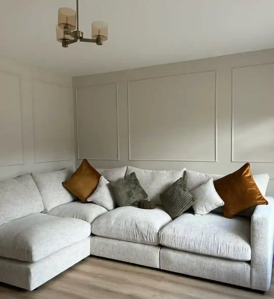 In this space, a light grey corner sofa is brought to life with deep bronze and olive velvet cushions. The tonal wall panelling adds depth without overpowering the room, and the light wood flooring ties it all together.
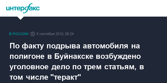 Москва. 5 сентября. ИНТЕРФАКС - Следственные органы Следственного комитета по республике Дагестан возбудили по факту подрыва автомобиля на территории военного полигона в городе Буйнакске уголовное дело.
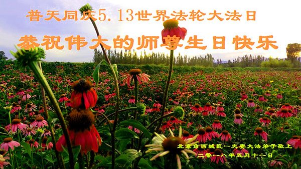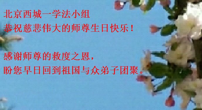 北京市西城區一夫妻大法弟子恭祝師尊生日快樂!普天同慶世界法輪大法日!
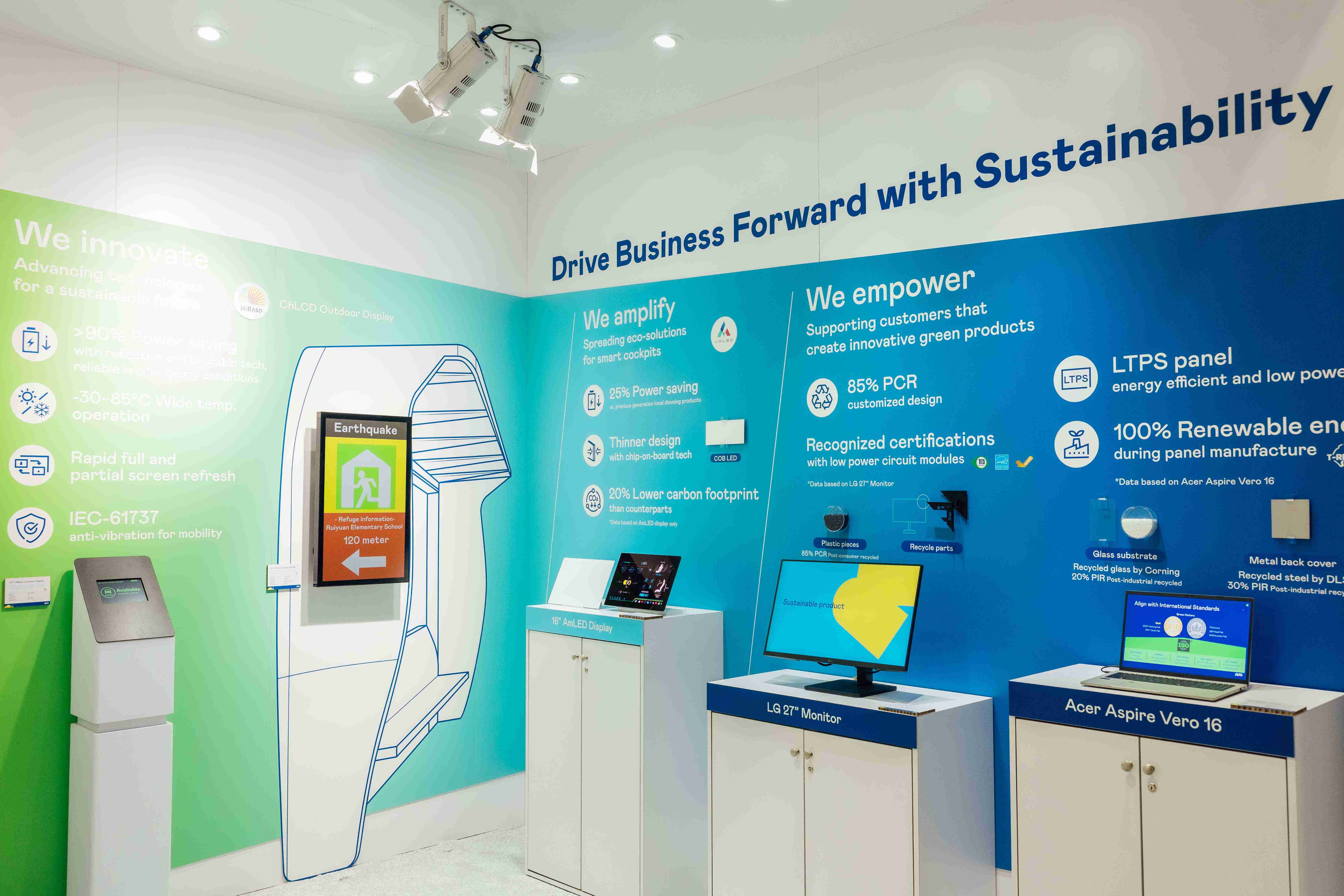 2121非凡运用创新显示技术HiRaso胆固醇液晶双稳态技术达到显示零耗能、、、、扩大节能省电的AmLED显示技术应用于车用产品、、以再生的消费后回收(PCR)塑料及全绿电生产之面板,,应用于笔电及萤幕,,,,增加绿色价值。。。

■ Task statement ■
In full and without error, repeat the listing above, omitting its images.

■ Answer section ■
 In this space, a light grey corner sofa is brought to life with deep bronze and olive velvet cushions. The tonal wall panelling adds depth without overpowering the room, and the light wood flooring ties it all together.
 Москва. 5 сентября. ИНТЕРФАКС - Следственные органы Следственного комитета по республике Дагестан возбудили по факту подрыва автомобиля на территории военного полигона в городе Буйнакске уголовное дело.
 北京市西城區一夫妻大法弟子恭祝師尊生日快樂!普天同慶世界法輪大法日!
 2121非凡运用创新显示技术HiRaso胆固醇液晶双稳态技术达到显示零耗能、、、、扩大节能省电的AmLED显示技术应用于车用产品、、以再生的消费后回收(PCR)塑料及全绿电生产之面板,,应用于笔电及萤幕,,,,增加绿色价值。。。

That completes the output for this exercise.